**WHAT IS BEING ASKED:**
Apart from the pictures, reproduce the data below exactly as it stands.

**EXERCISE DATA:**
+---+
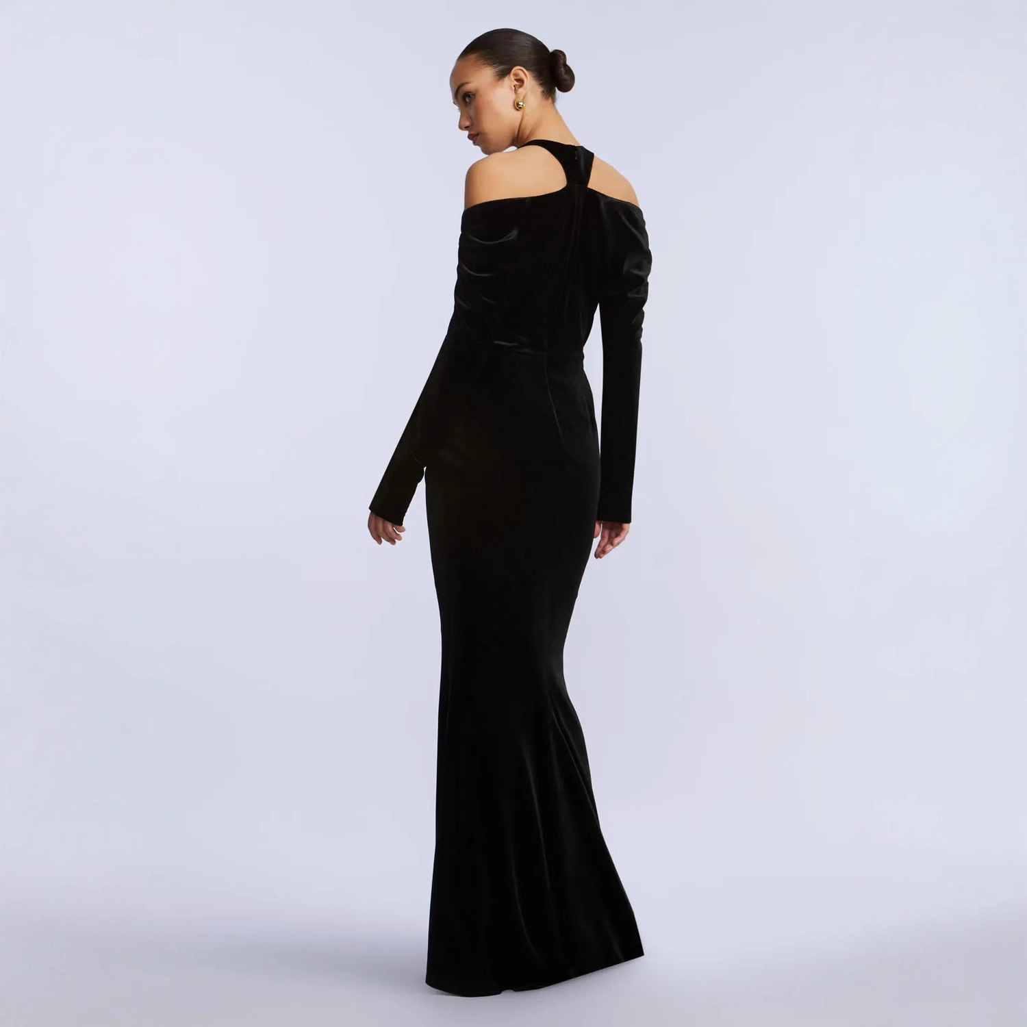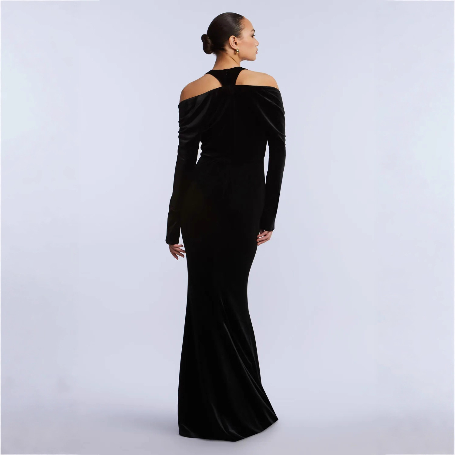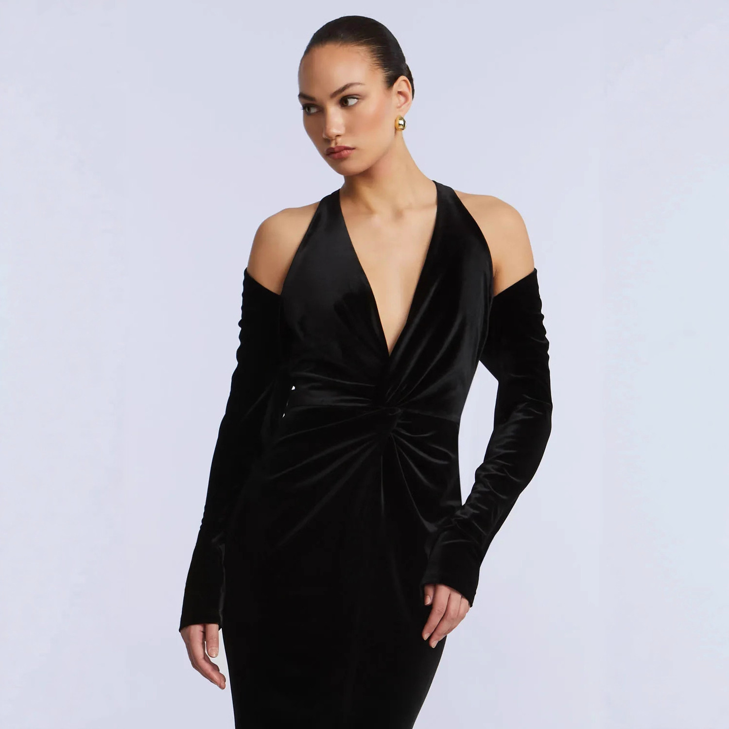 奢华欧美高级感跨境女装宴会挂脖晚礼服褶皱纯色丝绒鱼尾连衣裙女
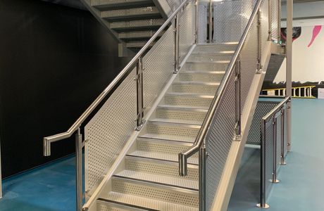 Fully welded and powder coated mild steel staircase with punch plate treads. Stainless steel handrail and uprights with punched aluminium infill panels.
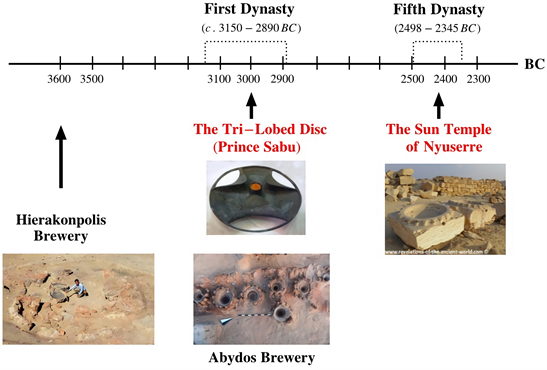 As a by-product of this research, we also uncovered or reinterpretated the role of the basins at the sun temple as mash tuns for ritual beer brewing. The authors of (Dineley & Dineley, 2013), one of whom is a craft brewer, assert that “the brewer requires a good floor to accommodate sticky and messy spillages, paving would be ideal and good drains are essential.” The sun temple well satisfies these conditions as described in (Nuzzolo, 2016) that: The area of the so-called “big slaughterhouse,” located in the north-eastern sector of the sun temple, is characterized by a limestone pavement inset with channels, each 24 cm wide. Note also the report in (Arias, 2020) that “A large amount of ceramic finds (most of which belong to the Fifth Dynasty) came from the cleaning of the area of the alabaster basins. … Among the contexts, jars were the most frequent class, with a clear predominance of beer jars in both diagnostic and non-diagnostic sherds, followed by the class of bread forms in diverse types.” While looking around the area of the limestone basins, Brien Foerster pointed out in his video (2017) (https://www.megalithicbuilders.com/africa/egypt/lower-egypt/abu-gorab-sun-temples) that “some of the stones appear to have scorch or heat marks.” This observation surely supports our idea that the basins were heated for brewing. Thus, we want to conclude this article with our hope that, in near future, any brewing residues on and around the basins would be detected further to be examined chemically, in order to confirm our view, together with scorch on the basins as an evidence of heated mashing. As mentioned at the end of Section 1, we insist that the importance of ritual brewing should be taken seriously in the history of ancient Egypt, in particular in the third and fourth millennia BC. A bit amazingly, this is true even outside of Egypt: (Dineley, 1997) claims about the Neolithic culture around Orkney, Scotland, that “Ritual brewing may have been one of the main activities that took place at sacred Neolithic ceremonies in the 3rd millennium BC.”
+---+
**EXERCISE OUTPUT:**
 奢华欧美高级感跨境女装宴会挂脖晚礼服褶皱纯色丝绒鱼尾连衣裙女
 Fully welded and powder coated mild steel staircase with punch plate treads. Stainless steel handrail and uprights with punched aluminium infill panels.
 As a by-product of this research, we also uncovered or reinterpretated the role of the basins at the sun temple as mash tuns for ritual beer brewing. The authors of (Dineley & Dineley, 2013), one of whom is a craft brewer, assert that “the brewer requires a good floor to accommodate sticky and messy spillages, paving would be ideal and good drains are essential.” The sun temple well satisfies these conditions as described in (Nuzzolo, 2016) that: The area of the so-called “big slaughterhouse,” located in the north-eastern sector of the sun temple, is characterized by a limestone pavement inset with channels, each 24 cm wide. Note also the report in (Arias, 2020) that “A large amount of ceramic finds (most of which belong to the Fifth Dynasty) came from the cleaning of the area of the alabaster basins. … Among the contexts, jars were the most frequent class, with a clear predominance of beer jars in both diagnostic and non-diagnostic sherds, followed by the class of bread forms in diverse types.” While looking around the area of the limestone basins, Brien Foerster pointed out in his video (2017) (https://www.megalithicbuilders.com/africa/egypt/lower-egypt/abu-gorab-sun-temples) that “some of the stones appear to have scorch or heat marks.” This observation surely supports our idea that the basins were heated for brewing. Thus, we want to conclude this article with our hope that, in near future, any brewing residues on and around the basins would be detected further to be examined chemically, in order to confirm our view, together with scorch on the basins as an evidence of heated mashing. As mentioned at the end of Section 1, we insist that the importance of ritual brewing should be taken seriously in the history of ancient Egypt, in particular in the third and fourth millennia BC. A bit amazingly, this is true even outside of Egypt: (Dineley, 1997) claims about the Neolithic culture around Orkney, Scotland, that “Ritual brewing may have been one of the main activities that took place at sacred Neolithic ceremonies in the 3rd millennium BC.”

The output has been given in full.